• [Problem description] Begin at the line below that holds "KeizalinNews.com Biak Timur" and end at the line that holds "3月25日,一名男子在英國倫", transcribing each line exactly and skipping any picture.

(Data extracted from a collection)
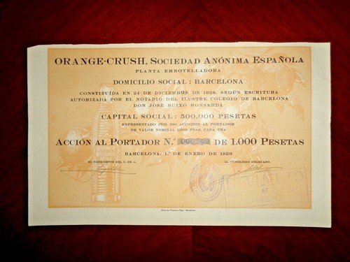 Collecters Item: Orange Crush , Share Certificate Spain1929
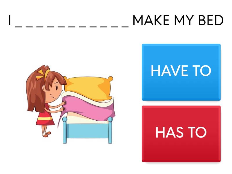 1) I _ _ _ _ _ _ _ _ _ _ _ MAKE MY BED a) HAVE TO b) HAS TO 2) SHE _ _ _ _ _ _ _ _ _ _ _ FEED THE PET a) HAVE TO b) HAS TO 3) HE _ _ _ _ _ _ _ _ _ _ _ DO THE DISHES a) HAVE TO b) HAS TO 4) MY DAD _ _ _ _ _ _ _ _ _ _ _ TAKE OUT THE RUBBISH a) HAVE TO b) HAS TO 5) MY MUM _ _ _ _ _ _ _ _ _ _ _ WALK THE DOG a) HAVE TO b) HAS TO 6) I _ _ _ _ _ _ _ _ _ _ _ STUDY FOR A TEST a) HAVE TO b) HAS TO 7) MY SISTER _ _ _ _ _ _ _ _ _ _ _ CLEAN MY ROOM a) DOESN'T HAVE TO b) DON'T HAVE TO 8) MY BROTHER _ _ _ _ _ _ _ _ _ _ _ PRACTISE FOOTBALL a) HAVE TO b) HAS TO 9) I _ _ _ _ _ _ _ _ _ _ _ LAY THE TABLE a) DON'T HAVE TO b) DOESN'T HAVE TO
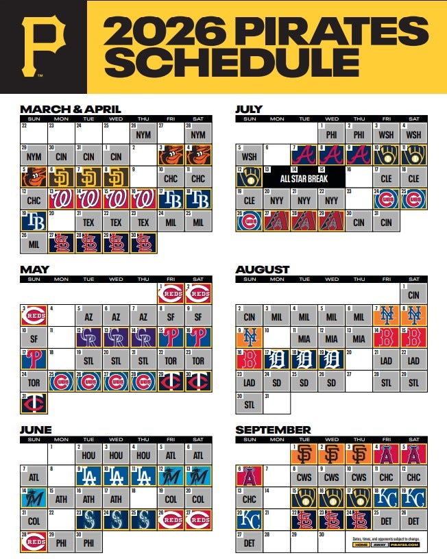 - When will the Pittsburgh Pirates schedule for 2026 be announced?
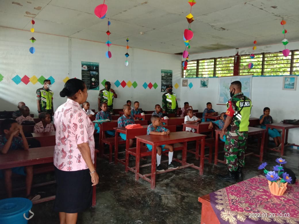 KeizalinNews.com Biak Timur — Untuk menanamkan rasa cinta tanah air kepada anak- anak pelajar sejak usia dini, Babinsa Posramil 1708-01/Biak Timur Sertu Reynold A. J Rumpaisum dan tiga orang anggota yakni Sertu Ikanubun, Sertu Ferdison serta Koptu Silaka memberikan materi Wawasan Kebangsaan (Wasbang) kepada siswa dan siswi pelajar SD YPK Karmel Bosnik, Distrik Biak Timur, Kabupaten Biak Numfor, Jum’at (21/01/2022).
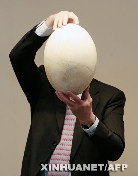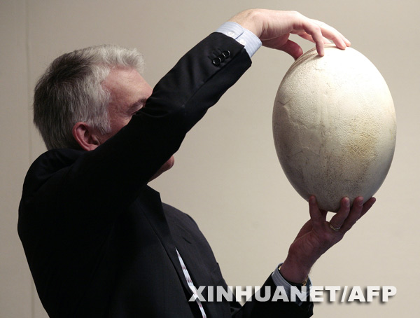 3月25日,一名男子在英國倫敦展示一枚據(jù)稱是“世界上最大的蛋”。這枚由已經(jīng)滅絕的馬達(dá)加斯加象鳥在十七世紀(jì)產(chǎn)下的蛋,將在當(dāng)天舉行的切爾西古董展上出售,標(biāo)價5000英鎊(約合7340美元)。新華社/法新
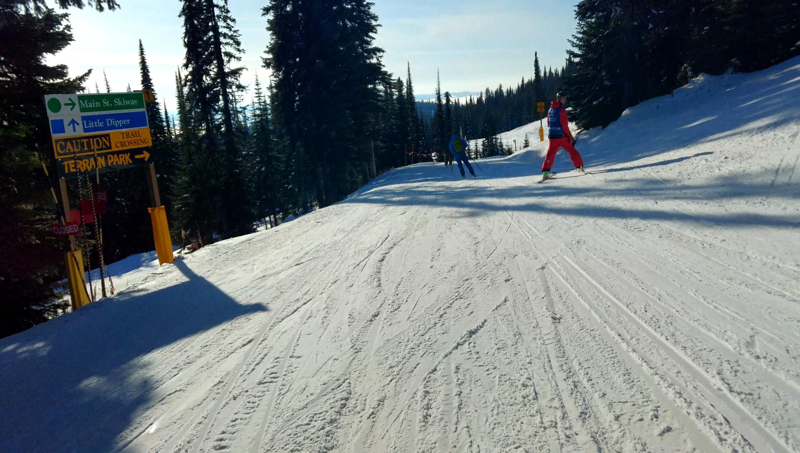 Small Lane is located next to the main terrain park and is best for beginners to learn how to shred and progress. Ride-ons, lip features, boxes, jumps and other features are what to expect here. The entrance to the terrain park is located on lower Big Dipper.
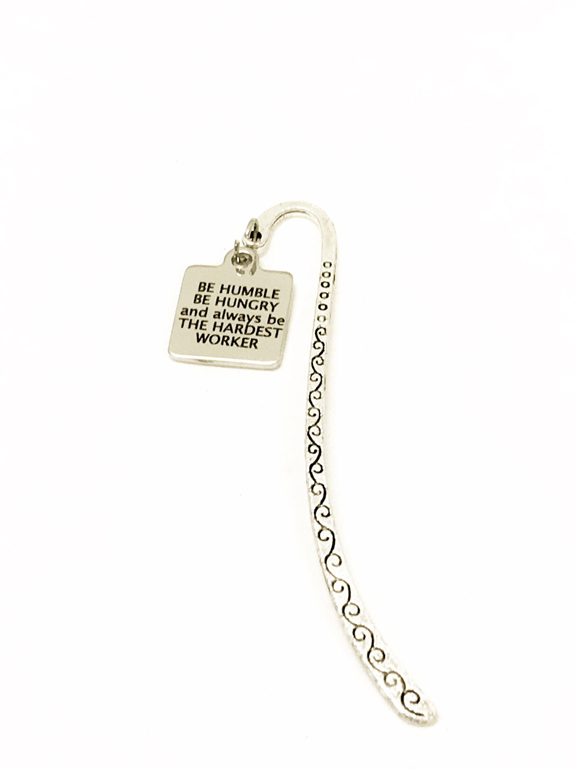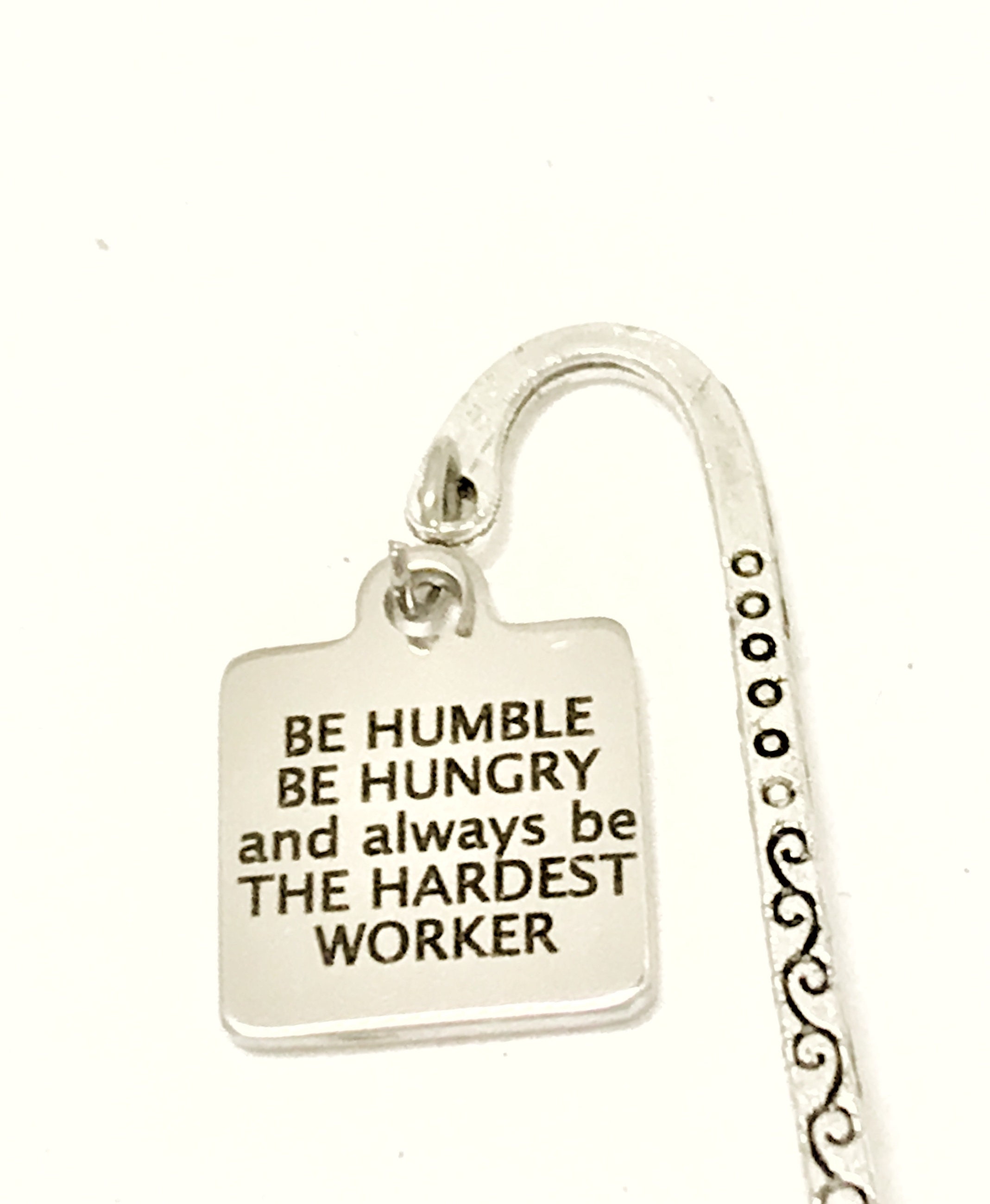 This is a great motivating bookmark reader gift. It has a "Be Humble Be Hungry and always be The Hardest Worker" stainless steel laser engraved charm on a metal bookmark. The bookmark measures approx. 3.3 Inches in length.
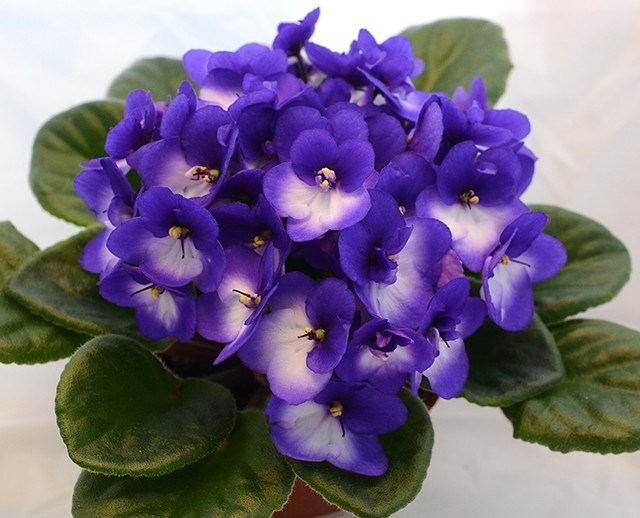 Innendørs fiolett kommer i en rekke farger og nyanser - fra hvitt til rødt, fra blått til lilla. Den fiolettblå ser spesielt vakker ut. I tillegg til et variert utvalg av farger, varierer saintpaulia-varianter i form av blomsterstand og graden av frotté. Det er semi-doble og doble varianter av fioler. Bladene kan også glede eieren med forskjellige former og farger (fra lysegrønn til mørkegrønn).

• [Solution below]
 KeizalinNews.com Biak Timur — Untuk menanamkan rasa cinta tanah air kepada anak- anak pelajar sejak usia dini, Babinsa Posramil 1708-01/Biak Timur Sertu Reynold A. J Rumpaisum dan tiga orang anggota yakni Sertu Ikanubun, Sertu Ferdison serta Koptu Silaka memberikan materi Wawasan Kebangsaan (Wasbang) kepada siswa dan siswi pelajar SD YPK Karmel Bosnik, Distrik Biak Timur, Kabupaten Biak Numfor, Jum’at (21/01/2022).
 3月25日,一名男子在英國倫敦展示一枚據(jù)稱是“世界上最大的蛋”。這枚由已經(jīng)滅絕的馬達(dá)加斯加象鳥在十七世紀(jì)產(chǎn)下的蛋,將在當(dāng)天舉行的切爾西古董展上出售,標(biāo)價5000英鎊(約合7340美元)。新華社/法新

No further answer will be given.